##### Dataset content

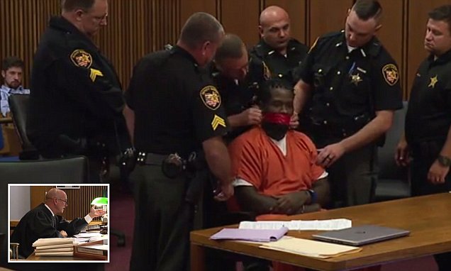 A group of six deputies surrounded Williams before they covered his mouth with red duct tape. “It’s against my rights, man, it’s not fair,” Williams said as a deputy prepared the tape, WHIOTV reports. “This judge is just trying to send me to prison. I’m getting no justice, this is not a fair trial.”
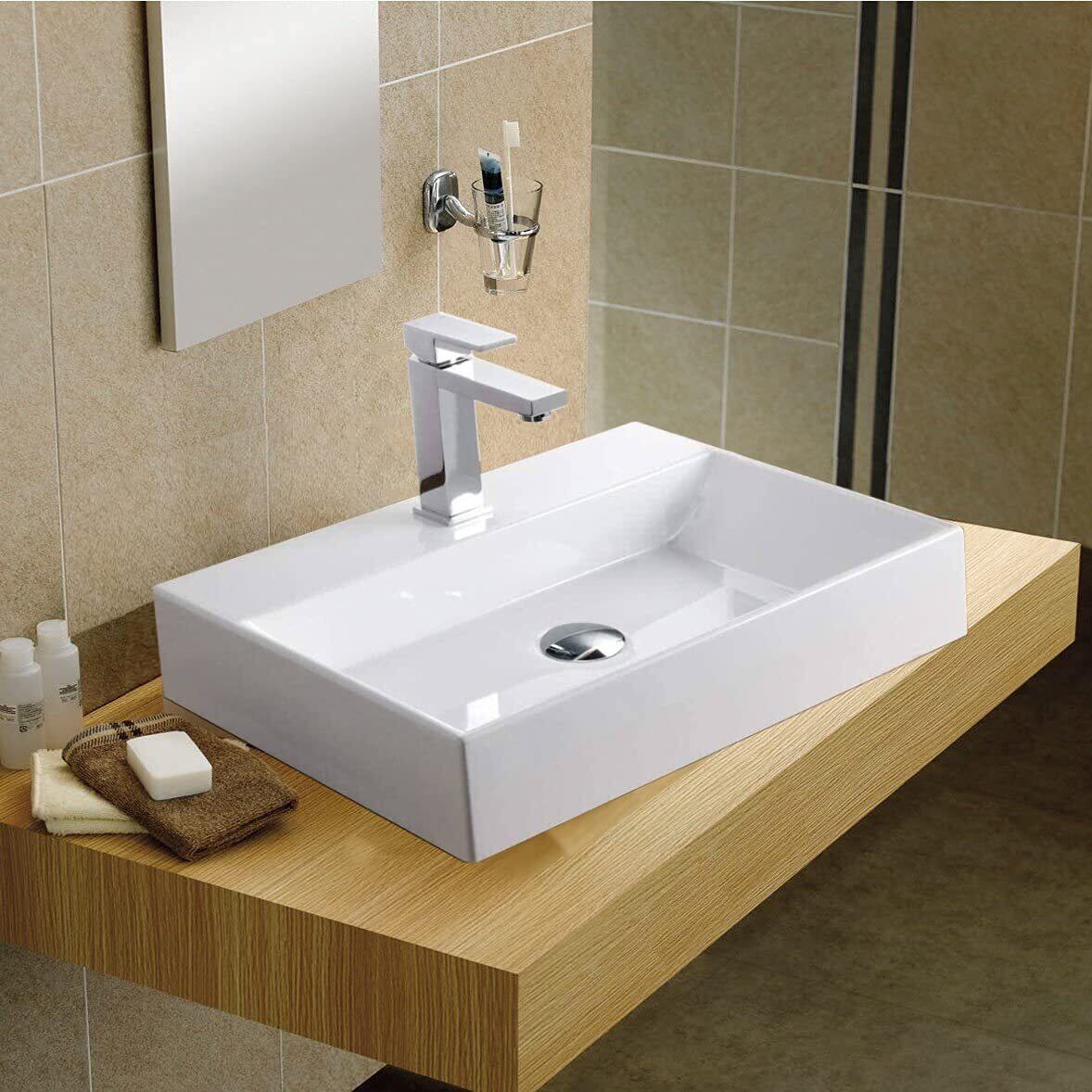 【高級排水セット付き】洗面ボウル 陶器 洗面ボール セット おしゃれ 手洗い器 洗面台 四角型 手洗い鉢 高温焼成 白陶器製 高級排水金具付き トイレ キッチン 和風 洋風 室内 室外(長方形セット)(3-4日到着予定) | KSショップ
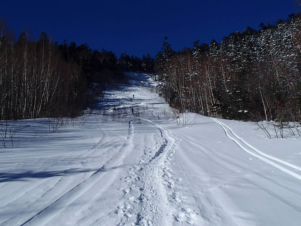 位ヶ原に登る急斜面。ここも多少藪が見えていますが、滑るには問題ありません。

##########

When you find the line that contains "室外(長方形セット)(3-4日到着予定) | KSショップ", retype it and every line after it through the end of the data above, exactly, with no pictures.

 【高級排水セット付き】洗面ボウル 陶器 洗面ボール セット おしゃれ 手洗い器 洗面台 四角型 手洗い鉢 高温焼成 白陶器製 高級排水金具付き トイレ キッチン 和風 洋風 室内 室外(長方形セット)(3-4日到着予定) | KSショップ
 位ヶ原に登る急斜面。ここも多少藪が見えていますが、滑るには問題ありません。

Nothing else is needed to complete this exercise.